Grace's Mosaic Moments


Friday, March 25, 2011

The Hazards of Flying Kites

I wasn’t going to blog this Friday, since now that I have a cover, I’m hard at work on the final stages of uploading my first effort to Smashwords, Kindle, and Nook. I chose Lady Silence, by the way. Although the last of my six Signet Regencies, I felt it might—with its “soap opera” ending (not a dry eye in the house)—have an appeal beyond the lovers of traditional Regencies.

BUT - yesterday afternoon, while taking the grandchildren picnicking at the Orlando area’s largest woodland park, an incident occurred that deserves to be recorded. Let’s face it, on the homefront as well as the world-wide scene, TV and newspapers regale us with disaster after disaster. (For example, just this week the husband of the city manager of the upscale Orlando suburb where Tiger Woods lives, attacked the town’s mayor at a meeting, knocking him out. And a sixteen-year-old tried to rape a girl in the backseat of a schoolbus!) Sometimes, one can only wish we’d hear more about good deeds. So here’s the story of what happened when the little girls and I tried to fly kites at Moss Park.

I’d planned only an after-school picnic with my three grandchildren, aged almost 8, 6, and 4. But the wind was so blustery it was scaling the plates right off the table, so the girls asked if we could get the kites out. But we weren’t having much luck as the wind was gusty, one minute grabbing the kites, the next plunging them into the ground. Even our strongest “high wind” kite had trouble staying up. Part of the problem: we were in an open field ringed by tall trees, and I didn’t dare let out a lot of string.

The girls ran off to the playground nearby, and I thought I’d give the big kite one last try. As I picked it up, a man came over and asked if I’d like some help. (He was around thirty, and he and his wife had been watching their children play in the playground.) I said, “Sure,” and of course he had that kite up and flying a hundred feet off the ground in less than a minute. He warned me about the tug on the line and then handed it over. (His family was waiting in the car, ready to go home.) Talk about wind! It all but lifted me off the ground. I immediately started to reel in, as the hazard of that much line around trees was obvious. Because the pull was so great, I had my eyes on the winder, not on the kite, trying to keep the line from tangling, and OH-OH, the kite lodged in the top of a live oak.

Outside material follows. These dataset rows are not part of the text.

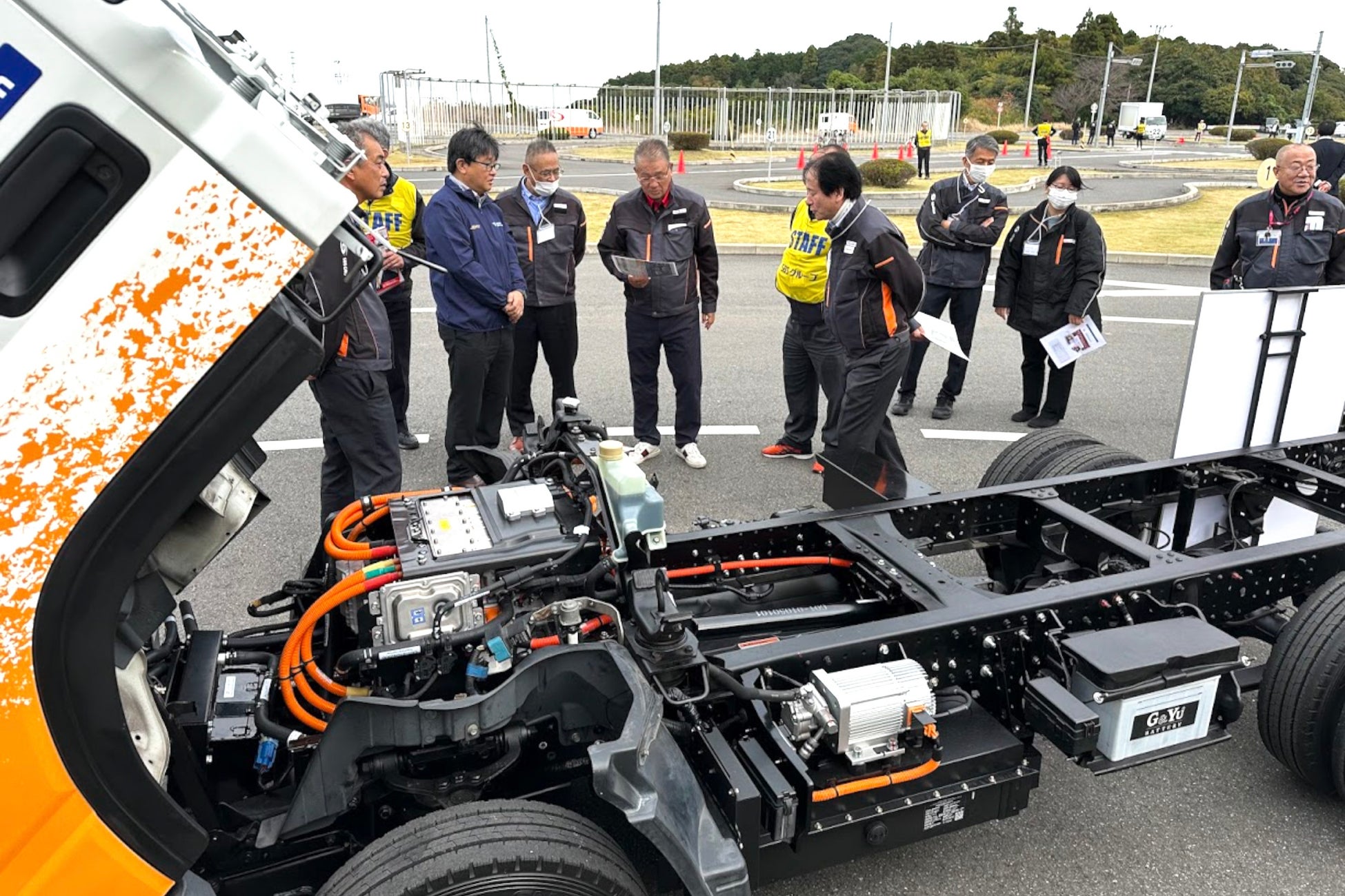 当日は、量産予定車の三菱ふそうキャンター1.5tの走行性能や安全性の検証を行い、SBSグループ各社の幹部の皆様から具体的な評価、並びに、改造EVに対する強い関心や激励の言葉を頂戴いたしました。今後は、年内に型式認証を取得し公道でのモニター使用確認を経て、来春までに量産供給をスタートする予定です。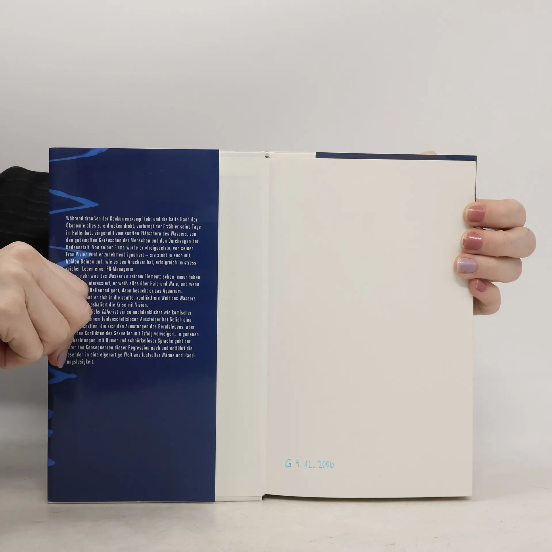 Während draußen der Konkurrenzkampf tobt und die kalte Hand der Ökonomie alles zu erdrücken droht, verbringt der Erzähler seine Tage im Hallenbad, eingehüllt vom sanften Plätschern des Wassers, von den gedämpften Geräuschen der Menschen und den Durchsagen der Badeanstalt. Von seiner Firma wurde er 'freigesetzt', von seiner Frau Vivien wird er zunehmend ignoriert – sie steht ja auch mit beiden Beinen und, wie es den Anschein hat, erfolgreich im stressreichen Leben einer PR-Managerin. Immer mehr wird das Wasser zu seinem Element: schon immer haben ihn Fische interessiert, er weiß alles über Haie und Wale, und wenn er nicht ins Hallenbad geht, dann besucht er das Aquarium. Aber während er sich in die sanfte, konfliktfreie Welt des Wassers zurückzieht, eskaliert die Krise mit Vivien. Johannes Gelichs 'Chlor' ist ein so nachdenklicher wie komischer Roman. In seinem leidenschaftslosen Aussteiger hat Gelich eine Figur erschaffen, die sich den Zumutungen des Berufslebens, aber auch den Konflikten des Sexuellen mit Erfolg verweigert. In genauen Beobachtungen, mit Humor und schnörkelloser Sprache geht der Autor den Konsequenzen dieser Regression nach und entführt die Lesenden in eine eigenartige Welt aus lustvoller Wärme und Handlungslosigkeit.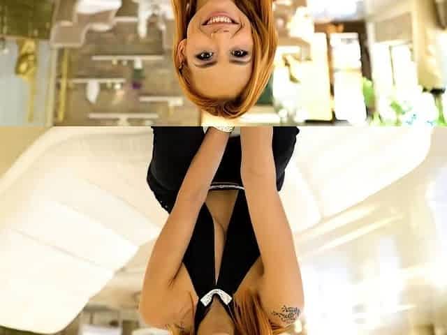 Pale Small Boobs Bob Haircut Blonde Doing Her Makeup in Front of the Mirror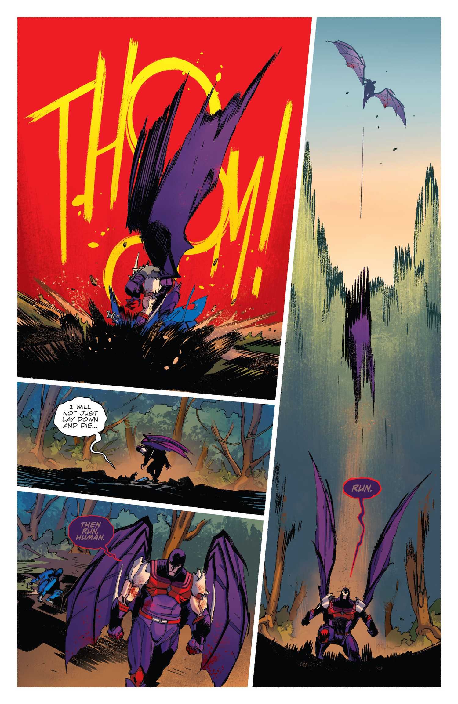 La muy necesaria actualización de Nemesis Enforcer está bien ejecutada, con la enérgica línea de trabajo del artista Andrea Milana ayudando a vender la velocidad y el poder del guerrero alado de Cobra-La. Ciertamente, está muy lejos de la representación original de Nemesis Enforcer de la década de 1980, que nunca alcanzó el potencial del personaje. comandante cobra #4 rectifica eso, convirtiéndolo en una fuerza a tener en cuenta, mientras masacra a los Dreadnoks. Incluso los mercenarios más curtidos como Zarana, Zandar y Buzzer tienen miedo de enfrentarse a la criatura de frente, temiendo que caiga del cielo y los haga pedazos en un instante.

For those who live in the south and know live oaks, I hasten to say this one was young, maybe only thirty feet tall, but as far as I was concerned, it might as well have been sixty. Our successful kite-launcher came loping back, and I asked if he had a knife to cut the line. (I wanted to save the expensive winder.) He said, “What for?” and promptly launched himself into the tree.

I stood with mouth agape as he climbed and climbed. There were so many leaves I couldn’t actually see him well - and I sincerely hoped his wife couldn’t see what he was doing. In no time at all he was 25-30 feet up, trying to dislodge the kite. It was stubborn, but he took the time to untie all the knots I’d put in it, separating the kite from the string. Then he wrestled the kite loose and dropped it down, where it stuck on a branch only about nine feet off the ground.

He descended, crawled out on the lower branch, and dropped the kite to the ground. Meanwhile, I had reeled in all the line. The three little girls had come back from the playground by this time and witnessed the last of this gallant rescue. I was nearly speechless when our hero dropped back to earth. I shook his hand, stammered out my most sincere thanks, and off he went, back to his waiting family.

I took the little girls down to a lakefront beach and let them wade for a while after that, while I smiled to myself and thought about the passing encounter that served to remind me that there are some very nice people in this world.

A salute to nice guys everywhere!

1 comment:

  1. Love the kite story. There are indeed nice guys still around.

    On another topic, have you posted about getting Lady Silence onto other outlets yet?